Ensure you have docker buildx installed.
This comes pre-packaged with Docker Engine 20+ in some distributions, but you may have to install it manually
Create a new “builder” for buildx that has the docker-container driver and supports your target arch. For example, if you are building on an x86 host, but you want to build ARM64 images, you would do the following:
Since no one expressed willingness to volunteer and support ros_cross_compile package.
Also giving in to consideration that multiple people expressed opinion that this package outdated by design, over-complicated, inefficient and almost no one using it.
I am going to deprecate/archive it and remove from supporting packages list in “Tooling working group”.
@ahemwe, refer to the ros_cross_compile package for help on this regard. Maybe filing an issue there will help.
As for our other approach explained here initially and now turned into an official REP (REP 2008), refer to the reference implementation section for an example. There’s no further official documentation on this (that I know) but if you’re looking for professional help you can get it reaching out here.
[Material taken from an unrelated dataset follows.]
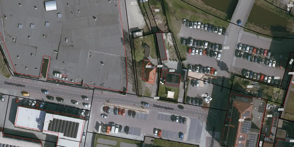 Het perceel waarop Stationsplein 22 staat heeft een oppervlakte van 640 m². Dit is een groot perceel. De perceeloppervlakte wordt geregistreerd door het Kadaster. Gedetailleerde informatie over de maten van dit perceel kunt u vinden in het rapport Kadastrale kaart met maatvoering van Stationsplein 22.
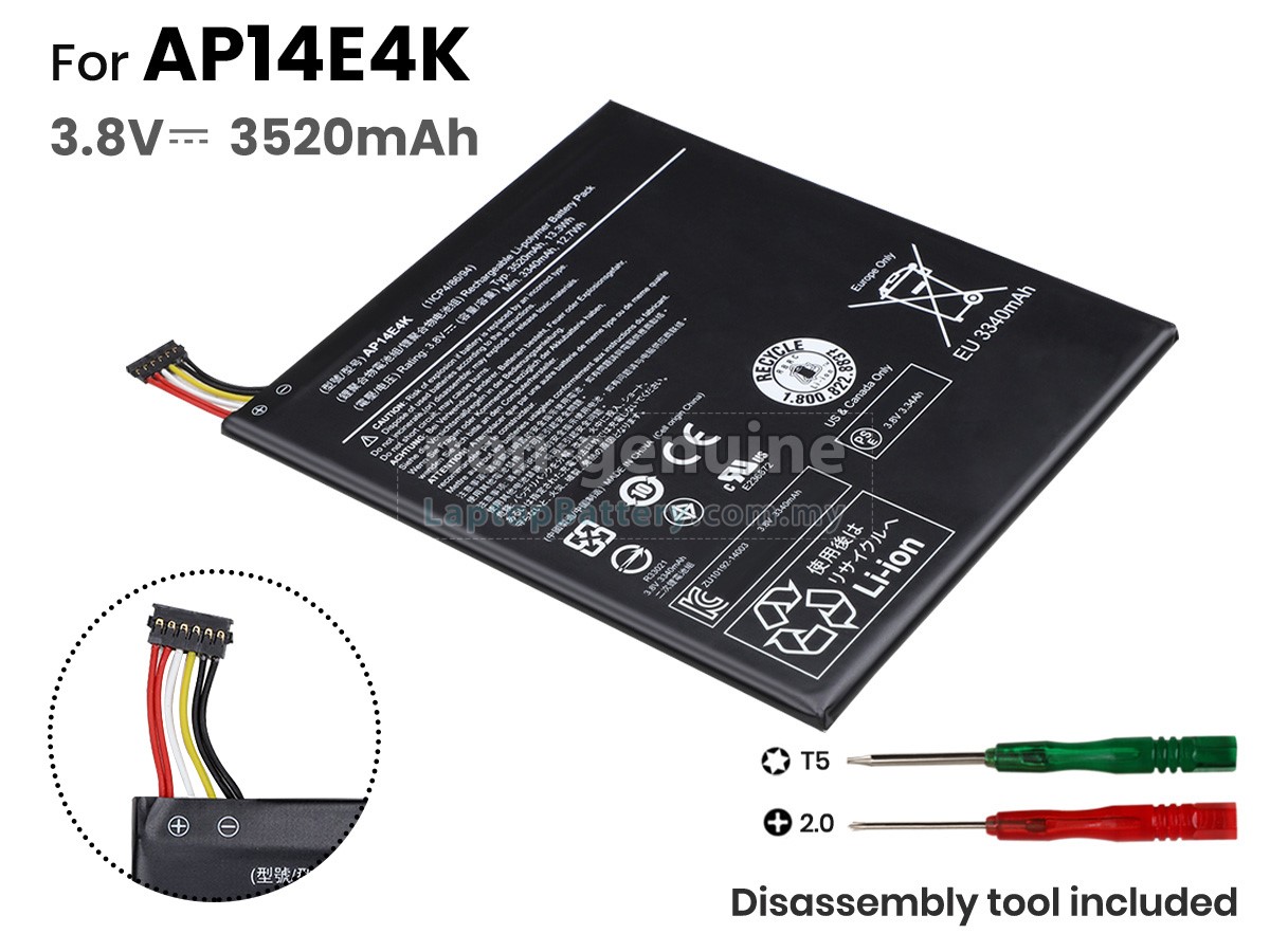 Our Website is your source of high-grade Acer laptop batteries! This brand new 3520mAh(2 cells) replacement Acer KT00104001 Li-Polymer battery is made with high-grade cells from Samsung, LG and Panasonic to ensure maximum performance. The housing of the Acer KT00104001 battery pack is made of non flammable and very durable plastic, which is fire-retarded and nonperishable when dropped from low heights.

I assume micro ROS documentation might also provide relevant info wrt cross compilation (did not check it).
However, reading through this thread makes me think twice before going through the cross-compile route, at least for a relatively performant platform as a raspberry pi 4.
Also relevant: dist-cc is mentioned as a possible alternative to cross-compiling.
@vmayoral I assume the extension of ament as you propose rather is meant to seamlessly integrate host-native compilers (typically FPGA-brand specific) into the ROS2 build system, as opposed to setting up a full build environment with all target platform specific library dependencies etc?
To answer your question, no, ament_acceleration(with extensions such asament_vitis) doesn't just integrate host-native compilers but it also aligns with the rest of the firmware artifacts (see firmware` extensions to ROS 2 workspaces) necessary to cross-compile for target embedded CPUs. See REP 2008 for details, including a reference implementation.
As discussed in past threads (and also in some GitHub issues which aren’t handy right now), we benchmarked native cross-compilation vs OS-virtualized (e.g. via Docker) cross-compilation obtaining that the former was about 10 times faster. When developing and iterating in cycles (e.g. when building accelerators), this time factor is very relevant. That’s why we decided to not build on top of ros_cross_compile tool and instead extend directly ament.